There is also a varigated form of the lindernia, which may be why it had that pink tinge you mentioned.  
Lindernia sp. 'India'


----------



## Piyoteru (Apr 17, 2014)

It certainly looks a bit like Lindernia sp. 'India', though after digging around a bit- the young growth on my plant is much more narrow leafed than this variety. The veins on the leaves are arranged differently, Linderna leaves have a series of veins running from the base to the end of the leaf. My plant has leaves with one slightly thicker vein through the middle of the leaf and smaller veins branching of it (kind of like how people normally draw a leaf).

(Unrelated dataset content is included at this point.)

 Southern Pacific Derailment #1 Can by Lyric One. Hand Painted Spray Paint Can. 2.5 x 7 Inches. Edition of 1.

Thanks for the input though!


----------



## Romad (Jun 28, 2009)

First thing that came to mind for me was Moneywort. Have you compared to that?


----------



## lilnaugrim (Mar 27, 2013)

How big or small is this plant?

EDIT: last pic isn't loading for me >.<


----------



## Piyoteru (Apr 17, 2014)

I have looked at moneywort (I refer to it as a bacopa), though I'm not sure if there is a pink variety- a search hasn't turned up anything for me. There is a plant called Bacopa Floribunda that is native to my country and is sold as "Pink Baby Tears"- but there are so few pictures of it and it's sold from one website with an intense crimson colour. Here's where I found it: https://www.livefish.com.au/pink-baby-tears-bunch.html
It could be this plant, just looking very different in my tank's conditions. The pink was very faint, even at the store I bought it from. 

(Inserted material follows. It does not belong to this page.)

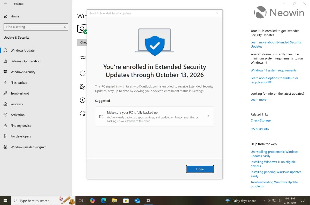 Achieved, your system is now enrolled within the Prolonged Securiуty Replace program, which grants you one yr of safety updates till October 13, 2026. After that, you might be by yourself.

It's odd because in the same store there was Pink Baby Tears, Baby Tears and Moneywort being sold separately. My Pink Baby Tears are identical to the "Baby Tears", besides the faint pink. Moneywort had much rounder, slightly thicker and greener leaves. "Baby Tears" as a stem plant normally refers to Bacopa Monnieri, but Moneywort is also Bacopa Monnieri... What a big naming mess. I could try nab both Moneywort and Baby Tears from the store when I have the chance and compare them... One or all of them must be misnamed. Ah. I just remembered that there's also a plant just vaguely labelled "bacopa" there as well. It's a taxonomic nightmare.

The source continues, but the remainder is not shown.